Und auch hier schmieden Sie mit Hilfe [einiger] Polen, zur Freude Russlands, neue Pläne, um Polen zu schwächen. Was ist der Grund dafür? Weil Sie wieder mit Russland Geschäfte machen wollen! […] Sie wollen, dass dieser Krieg schnell zu Ende geht, und wir wollen, dass die Ukraine gewinnt. Das sind zwei verschiedene Dinge. […]

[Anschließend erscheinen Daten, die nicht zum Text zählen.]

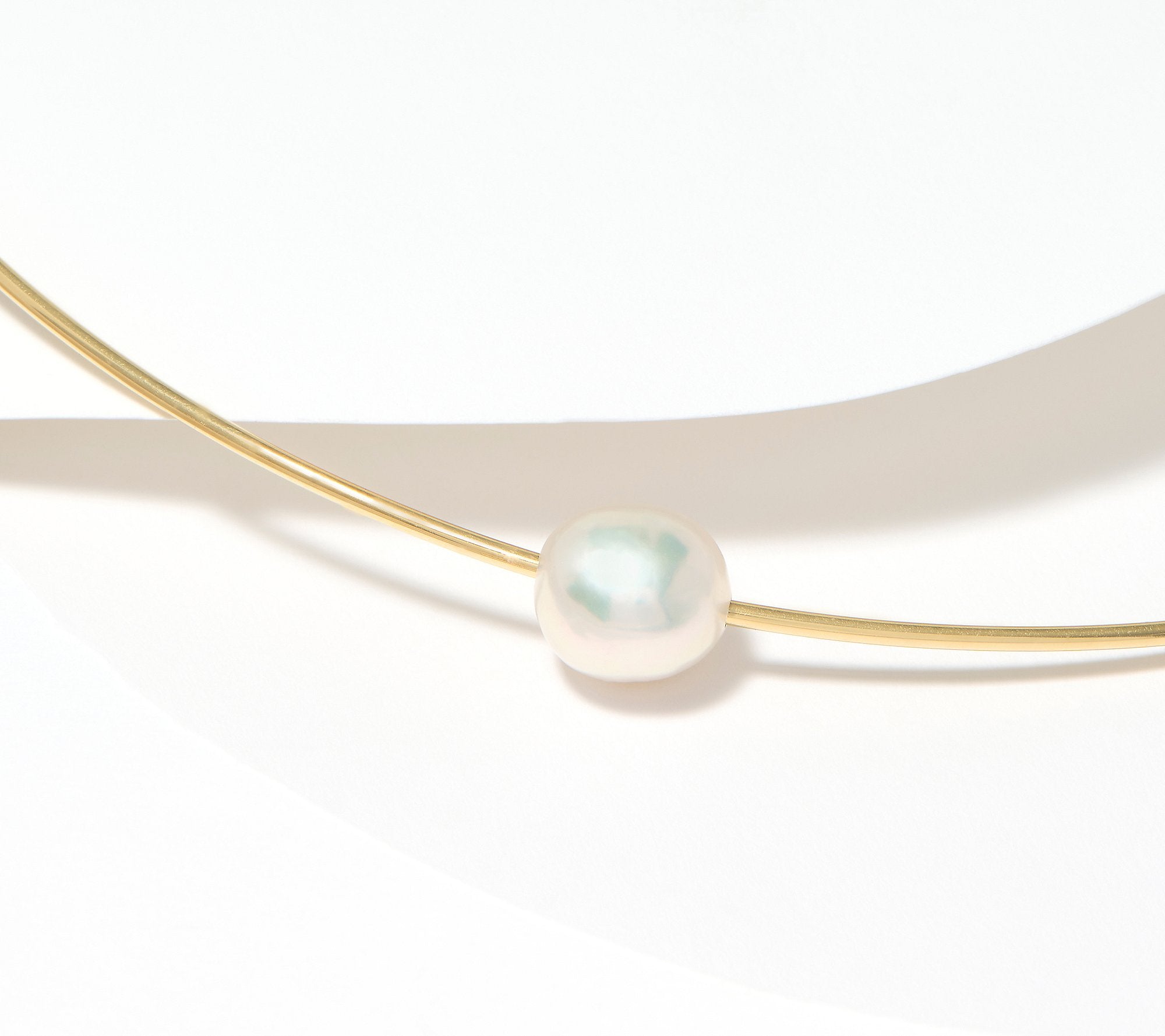 Dip your toe into the cultured pearl pool with this sleek and stunning omega necklace featuring a solitary, sliding Ming cultured pearl. From Honora.

Sie werden die Polen nicht belehren. [Es sind] die Polen, die die erste Verfassung in Europa verabschiedet haben. Sie werden sie nicht darüber belehren, was Freiheit [bzw.] Rechtsstaatlichkeit ist. Sie können es von uns lernen…“
Die ehemalige polnische Ministerpräsidentin Beata Szydło (PiS), ebenfalls Mitglied des Europäischen Parlaments, reagierte ihrerseits auf Twitter wie folgt: „Diese Debatte im Europäischen Parlament gegen Polen am polnischen Nationalfeiertag ist eine weitere Stufe der Heuchelei […] für einige Abgeordnete. Warum tun Sie das, vor allem, wenn an Polens Grenzen ein Krieg tobt?“
„Verfall der Werte der Europäischen Union in Ungarn und Polen“
Im Anschluss an diese Debatte verabschiedete das Europäische Parlament am Donnerstag, den 5. Mai, eine neue Resolution, in der es den „Verfall der Werte der Europäischen Union in Ungarn und Polen“ verurteilte. Die Europaabgeordneten forderten die Europäische Kommission auf, in diesem Bereich „mehr zu tun“, da gegen Ungarn ein Verfahren nach dem Konditionalitätsmechanismus eingeleitet, während gegen Polen jedoch (noch) nichts unternommen werde.